# Pipelines and models

In [1]:
# set up working catalog
import sys
from pathlib import Path
sys.path.append(str(Path("..")))

# imports
from common.read_data import read_data

import pandas as pd

from sklearn.model_selection import train_test_split
from sklearn.pipeline import Pipeline
from sklearn.impute import SimpleImputer
from sklearn.preprocessing import StandardScaler
from sklearn.preprocessing import OneHotEncoder
from sklearn.compose import ColumnTransformer
from sklearn.linear_model import LogisticRegression
from sklearn.svm import SVC
from sklearn.tree import DecisionTreeClassifier
from sklearn.metrics import accuracy_score

In [2]:
data = read_data()

X = data.drop('Target', axis=1)
y = data["Target"]

X_train, X_rest, y_train, y_rest = train_test_split(X, y, test_size=0.3, random_state=30)
X_val, X_test, y_val, y_test = train_test_split(X_rest, y_rest, test_size=0.6, random_state=30)

In [3]:
numeric_pipeline = Pipeline([
    ("imputer", SimpleImputer(strategy="median")),          # strategy="mean"
    ("scaler", StandardScaler()), 
])

categoric_pipeline = Pipeline([
    ("imputer", SimpleImputer(strategy="most_frequent")),         # strategy="constant"
    ("encoder", OneHotEncoder(handle_unknown="ignore"))
])

numeric_features = X.select_dtypes(include=["int64", "float64"]).columns.tolist()
categorical_features = X.select_dtypes(include=["object", "category"]).columns.tolist()

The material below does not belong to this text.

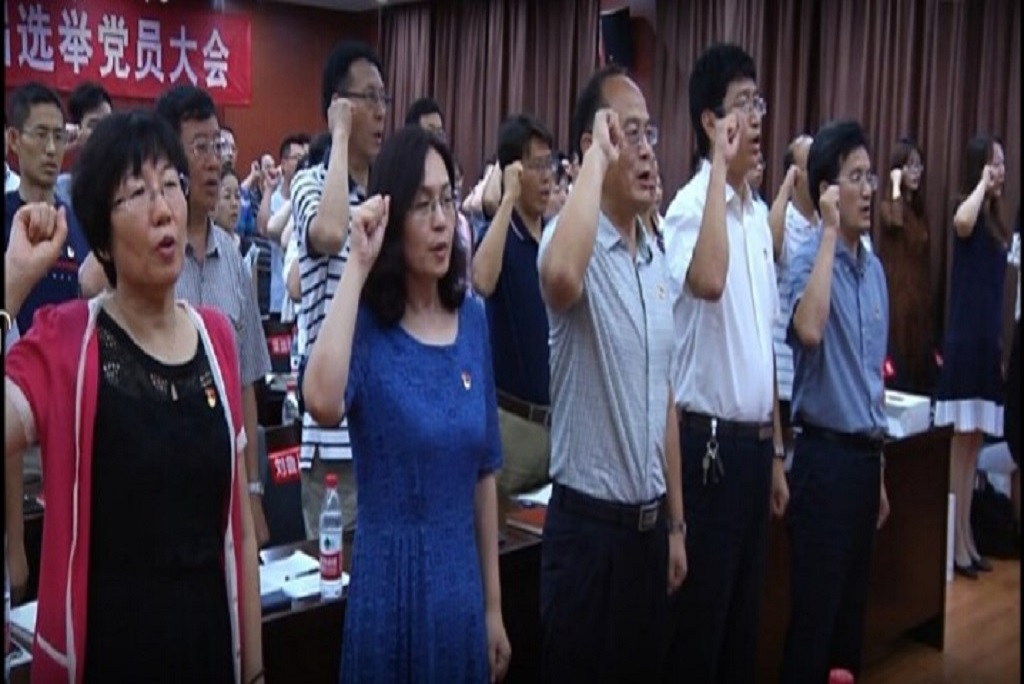下午4时许,党员们起立同唱《中华人民共和国国歌》,大会在雄壮的国歌声中落下帷幕。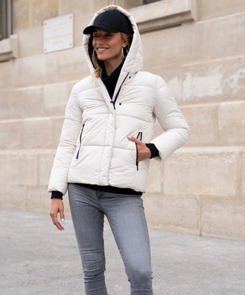 - Kurze Daunenjacke mit Kapuze

preprocessor = ColumnTransformer(
    transformers=[
        ("num", numeric_pipeline, numeric_features),
        ("cat", categoric_pipeline, categorical_features)
    ]
)

In [4]:
def train(model):
    pipeline = Pipeline([
        ("preprocessing", preprocessor),
        ("classifier", model)
    ])
    
    pipeline.fit(X_train, y_train)
    
    y_pred_train = pipeline.predict(X_test)
    y_pred_val = pipeline.predict(X_test)
    y_pred_test = pipeline.predict(X_test)
    
    accuracy_train = accuracy_score(y_test, y_pred_train)
    accuracy_validation = accuracy_score(y_test, y_pred_val)
    accuracy_test = accuracy_score(y_test, y_pred_test)
    
    print(f"===== {model} =====")
    print(f"\tTrain accuracy: {accuracy_train}")
    print(f"\tValidation accuracy: {accuracy_validation}")
    print(f"\tTest accuracy: {accuracy_test}")
    
    return {
        "Model": model.__class__.__name__,
        "Train accuracy": accuracy_train,
        "Validation accuracy": accuracy_validation,
        "Test accuracy": accuracy_test
    }

In [5]:
results = []

In [6]:
result = train(LogisticRegression(max_iter=200))
results.append(result)

===== LogisticRegression(max_iter=200) =====
	Train accuracy: 0.7565872020075283
	Validation accuracy: 0.7565872020075283
	Test accuracy: 0.7565872020075283


In [7]:
result = train(DecisionTreeClassifier())
results.append(result)

===== DecisionTreeClassifier() =====
	Train accuracy: 0.6323713927227101
	Validation accuracy: 0.6323713927227101
	Test accuracy: 0.6323713927227101


In [8]:
result = train(SVC(kernel='rbf'))
results.append(result)

===== SVC() =====
	Train accuracy: 0.7478042659974906
	Validation accuracy: 0.7478042659974906
	Test accuracy: 0.7478042659974906


In [9]:
pd.DataFrame(results)

Unnamed: 0,Model,Train accuracy,Validation accuracy,Test accuracy
0,LogisticRegression,0.756587,0.756587,0.756587
1,DecisionTreeClassifier,0.632371,0.632371,0.632371
2,SVC,0.747804,0.747804,0.747804